The questions could cover:
- Document metadata and structure
- Company information
- Securities details
- Compliance and filing status
- Shares outstanding

Make sure the questions are clear, factual, and refer only to the information available in the text.

---

Markdown Content:
{result.content}

---

Now, list the questions based on the markdown content above.
"""

In [98]:
questions_response = client.chat.completions.create(
    messages=[
        {
            "role": "system",
            "content": "You are a document understanding assistant.",
        },
        {
            "role": "user", 
            "content": questions_prompt,
        },
    ],
    model="gpt-4o", 
    temperature=0.0, # for stable results
)

print(questions_response.choices[0].message.content)
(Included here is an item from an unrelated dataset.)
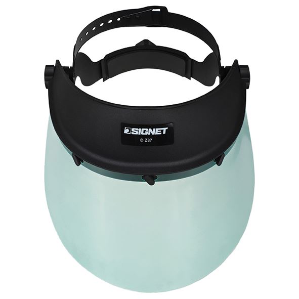 מגן פנים,ראשיה מתכווננת בפעולת רצ'ט כולל רצועה נגד הזעה,מידות החזית: 375x200, הגנה מכאנית ברמה של 120 m/s מקט:049085 SIGNET

Here are five relevant questions based on the provided markdown content:

1. **Document Metadata and Structure**  
   - What is the form type of the document, and for which quarterly period is the report filed?

2. **Company Information**  
   - What is the name of the company, its state of incorporation, and its principal address as listed in the document?
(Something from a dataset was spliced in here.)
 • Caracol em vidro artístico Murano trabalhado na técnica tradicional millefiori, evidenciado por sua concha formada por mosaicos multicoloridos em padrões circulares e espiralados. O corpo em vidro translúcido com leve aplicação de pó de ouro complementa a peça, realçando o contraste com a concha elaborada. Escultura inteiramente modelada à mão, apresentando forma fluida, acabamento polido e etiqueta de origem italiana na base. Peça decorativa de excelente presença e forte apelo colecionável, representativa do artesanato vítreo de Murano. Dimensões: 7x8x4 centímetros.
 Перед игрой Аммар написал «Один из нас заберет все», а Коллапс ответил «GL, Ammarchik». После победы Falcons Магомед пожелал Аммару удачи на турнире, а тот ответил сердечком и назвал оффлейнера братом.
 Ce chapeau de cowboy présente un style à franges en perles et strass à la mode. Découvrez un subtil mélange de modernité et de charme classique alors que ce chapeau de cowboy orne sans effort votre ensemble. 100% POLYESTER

3. **Securities Details**  
   - What securities are registered pursuant to Section 12(b) of the Securities Exchange Act, and what is the trading symbol and exchange for these securities?

4. **Compliance and Filing Status**  
   - Has the registrant filed all reports required by Section 13 or 15(d) of the Securities Exchange Act during the preceding 12 months, and is the registrant classified as a large accelerated filer?

5. **Shares Outstanding**  
   - As of April 24, 2020, how many shares of common stock, with a par value of $0.00000625 per share, were outstanding?